The main disadvantage of this approach is that care must be taken to ensure that template variable names do not "collide" with string values that are intended to be fixed.

Emit the ids of JSON objects in a Riak database

The following script illustrates how curl and jq can work nicely together, especially if the entities stored at each Riak key are JSON entities.

The specific task we consider is as follows:

Task:

Given a Riak database at $RIAK with a bucket $BUCKET, and assuming that each value at each riak key is a JSON entity, then for each top-level object or array of objects, emit the value if any of its "id" key; the values should be emitted as a stream, it being understood that if any of the objects does not have an "id" key, then it should be skipped.
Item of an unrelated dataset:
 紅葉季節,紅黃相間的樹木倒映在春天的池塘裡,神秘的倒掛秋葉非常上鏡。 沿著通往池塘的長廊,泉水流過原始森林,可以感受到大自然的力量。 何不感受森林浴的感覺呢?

The following script has been tested as a bash script with these values for RIAK and BUCKET:

RIAK=http://127.0.0.1:8098
BUCKET=test
curl -Ss "$RIAK/buckets/$BUCKET/keys?keys=stream" |\
  jq -r '.keys[] | @uri' |\
while read key
do
  curl -Ss "$RIAK/buckets/$BUCKET/keys/$key?keys"
done | jq 'if type == "array" then .[] | .id elif type == "object" then .id else empty end'

Filter objects based on the contents of a key

E.g., I only want objects whose genre key contains "house".
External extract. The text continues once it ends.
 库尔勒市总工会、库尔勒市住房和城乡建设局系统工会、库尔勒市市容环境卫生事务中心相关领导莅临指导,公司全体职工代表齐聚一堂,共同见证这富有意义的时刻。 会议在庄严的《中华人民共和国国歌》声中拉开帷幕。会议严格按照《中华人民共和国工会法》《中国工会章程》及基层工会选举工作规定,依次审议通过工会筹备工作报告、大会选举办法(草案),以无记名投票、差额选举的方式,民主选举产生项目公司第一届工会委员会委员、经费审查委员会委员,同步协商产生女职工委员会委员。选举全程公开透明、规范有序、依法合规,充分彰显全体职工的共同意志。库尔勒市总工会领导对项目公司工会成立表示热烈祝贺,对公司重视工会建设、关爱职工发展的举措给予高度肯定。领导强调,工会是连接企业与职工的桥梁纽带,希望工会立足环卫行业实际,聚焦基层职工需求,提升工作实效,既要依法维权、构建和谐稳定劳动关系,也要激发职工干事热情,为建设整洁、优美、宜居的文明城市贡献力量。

$ json='[{"genre":"deep house"}, {"genre": "progressive house"}, {"genre": "dubstep"}]'
$ echo "$json" | jq -c '.[] | select(.genre | contains("house"))'
{"genre":"deep house"}
{"genre":"progressive house"}

If it is possible that some objects might not contain the key you want to check, and you just want to ignore the objects that don't have it, then the above will need to be modified. For example:

$ json='[{"genre":"deep house"}, {"genre": "progressive house"}, {"volume": "wubwubwub"}]'
$ echo "$json" | jq -c '.[] | select(.genre | . and contains("house"))'

If your version of jq supports ? then it could also be used:

$ echo "$json" | jq -c '.[] | select(.genre | contains("house"))?'

In jq version 1.4+ (that is, in sufficiently recent versions of jq after 1.4), you can also use regular expressions, e.g. using the "$json" variable defined above:

$ echo "$json" | jq -c 'map( select(.genre | test("HOUSE"; "i")))'
[{"genre":"progressive house"},{"genre":"progressive house"}]

Note: use a semi-colon (";") to separate the arguments of test.

Filter objects based on tags in an array

In this section, we discuss how to select items from an array of objects each of which has an array of tags, where the selection is based on the presence or absence of a given tag in the array of tags.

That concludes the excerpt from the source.